Comment by Someone
7 hours ago
> Since lidar has distance information and cameras do not, it was always a ridiculous idea by a certain company to use cameras only
Human eyes do not have distance information, either, but derive it well enough from spatial (by ‘comparing’ inputs from 2 eyes) or temporal parallax (by ‘comparing’ inputs from one eye at different points in time) to drive cars.
One can also argue that detecting absolute distance isn’t necessary to drive a car. Time to-contact may be more useful. Even only detecting “change in bearing” can be sufficient to avoid collision (https://eoceanic.com/sailing/tips/27/179/how_to_tell_if_you_...)
Having said that, LiDAR works better than vision in mild fog, and if it’s possible to add a decent absolute distance sensor for little extra cost, why wouldn’t you?

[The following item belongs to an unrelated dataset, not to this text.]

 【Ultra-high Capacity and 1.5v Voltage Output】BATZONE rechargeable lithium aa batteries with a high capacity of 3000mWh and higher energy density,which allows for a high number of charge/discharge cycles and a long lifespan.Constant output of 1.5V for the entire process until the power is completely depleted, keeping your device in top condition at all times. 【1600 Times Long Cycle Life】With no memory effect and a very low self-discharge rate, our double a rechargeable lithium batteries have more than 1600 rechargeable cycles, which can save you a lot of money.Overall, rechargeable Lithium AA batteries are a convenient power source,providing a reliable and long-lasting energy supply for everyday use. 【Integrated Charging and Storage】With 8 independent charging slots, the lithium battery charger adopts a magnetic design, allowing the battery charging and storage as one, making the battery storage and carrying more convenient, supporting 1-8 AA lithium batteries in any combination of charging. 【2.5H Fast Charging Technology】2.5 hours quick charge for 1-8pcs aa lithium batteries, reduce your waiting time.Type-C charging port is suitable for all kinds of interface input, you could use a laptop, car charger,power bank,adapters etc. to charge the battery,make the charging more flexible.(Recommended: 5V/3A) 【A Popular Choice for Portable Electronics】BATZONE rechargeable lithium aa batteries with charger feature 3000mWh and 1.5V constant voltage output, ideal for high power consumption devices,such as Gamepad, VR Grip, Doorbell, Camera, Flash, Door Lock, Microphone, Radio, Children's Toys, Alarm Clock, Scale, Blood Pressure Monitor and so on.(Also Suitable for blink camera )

Human/animal vision uses way more than parallax to judge distances and bearings - it uses a world model that evolved over millions of years to model the environment. That's why we can get excellent 3D images from a 2D screen, and also why our depth perception can be easily tricked with objects of unexpected size. Put a human or animal in an abstract environment with no shadows and no familiar objects, and you'll see that depth perception based solely on parallax is actually very bad.

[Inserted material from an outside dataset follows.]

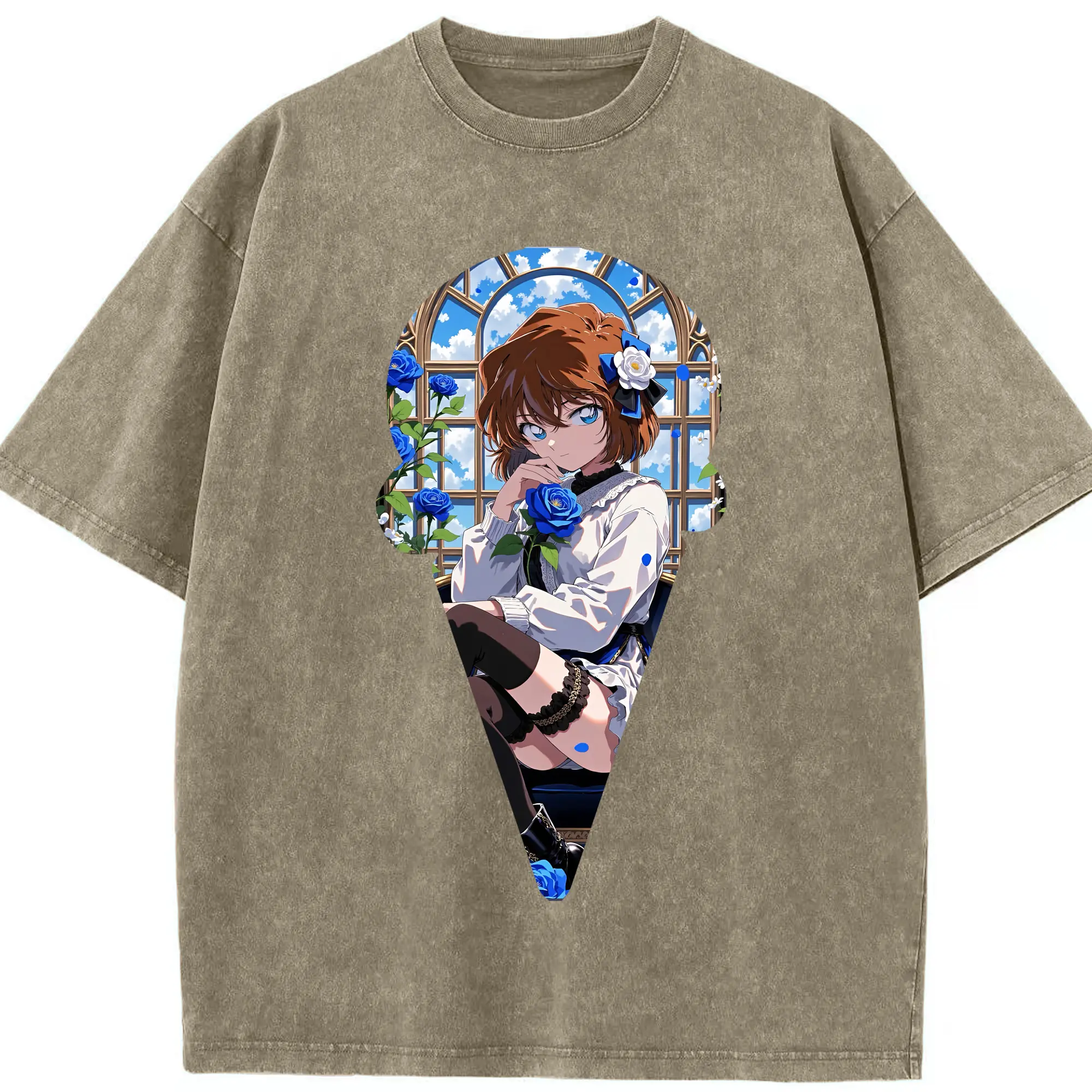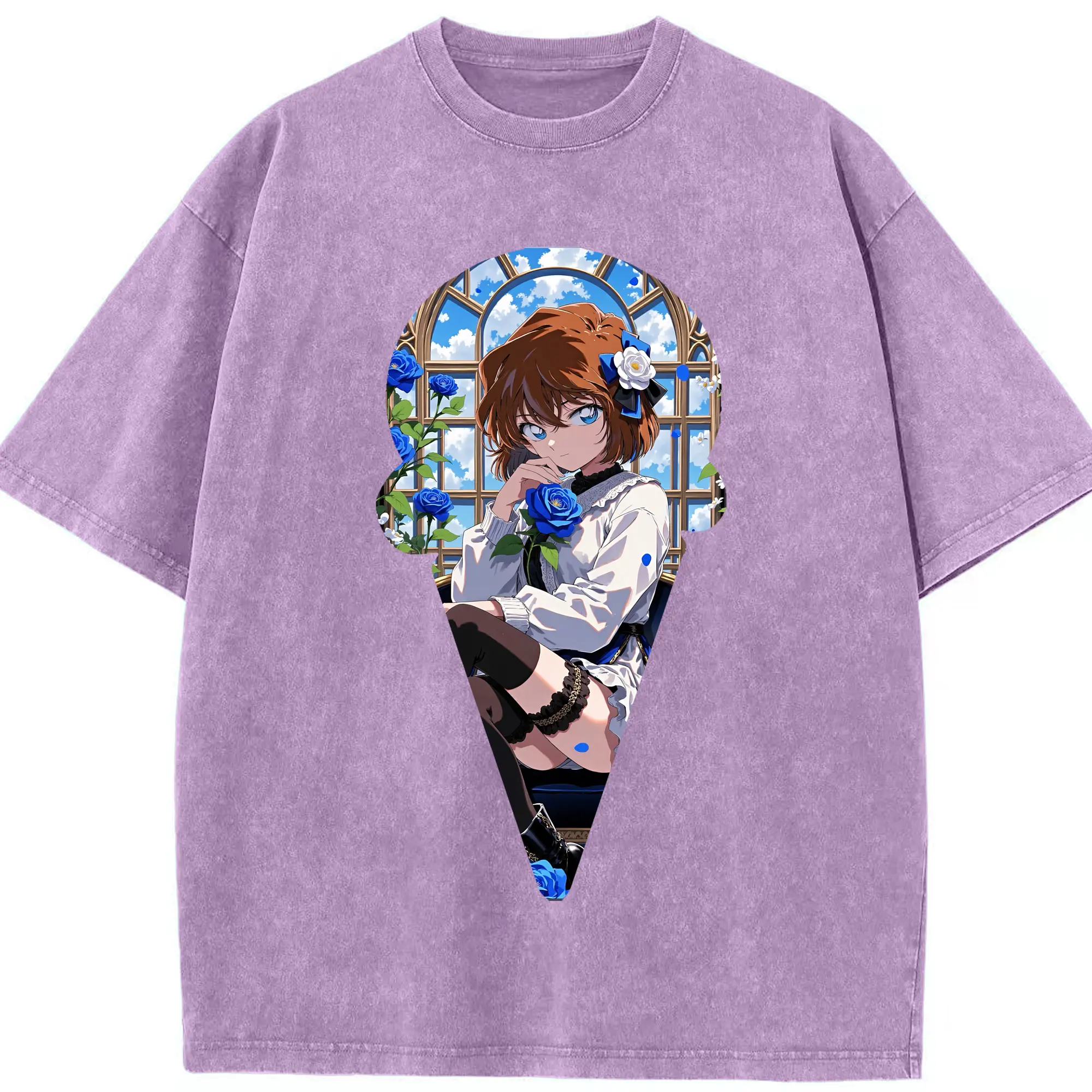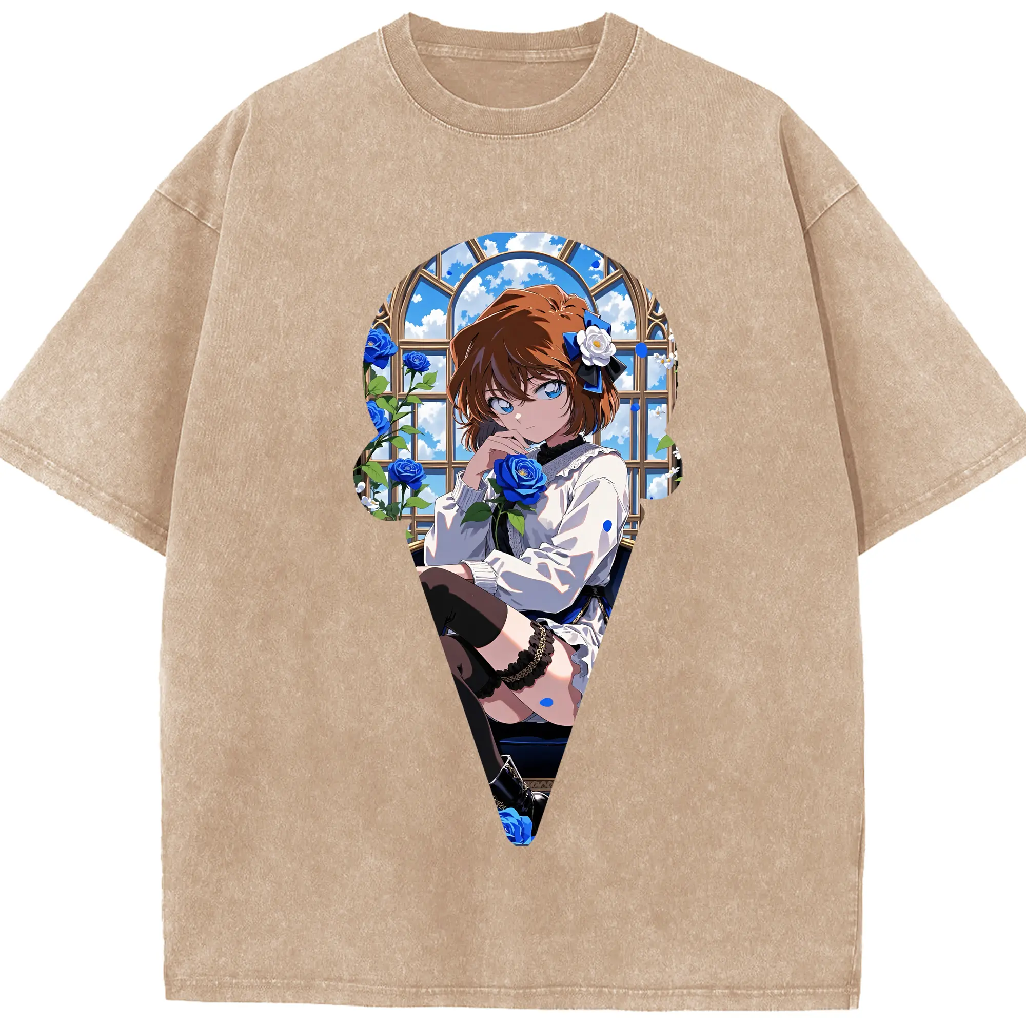 名探偵コナン グッズ 灰原 哀 - 綿100% ヴィンテージ風 半袖Tシャツ ・ 背面プリント ・ 柔らか肌触り ・ 通気性 快適 ・ スポーツ カジュアル 外出用

Human eyes are much better than cameras at dealing with dynamic range. They’re also attached to a super-computer which has been continuously trained for many years to determine distances and classify objects.
> Human eyes do not have distance information
Single human eyes do resolve depth perception. Not as good as binocular vision, but you don't loose all depth perception of you lose an eye.
https://en.wikipedia.org/wiki/Monocular_vision
I don’t like the comparison between humans and humans. Humans don’t travel around at 100mph in packs of other humans. Why not use every sensor type at our disposal if it gives us more info to make decisions? Yes I understand it’s more complicated, but we figure stuff out.
Let me know when you have a camera package with human eye equivalency.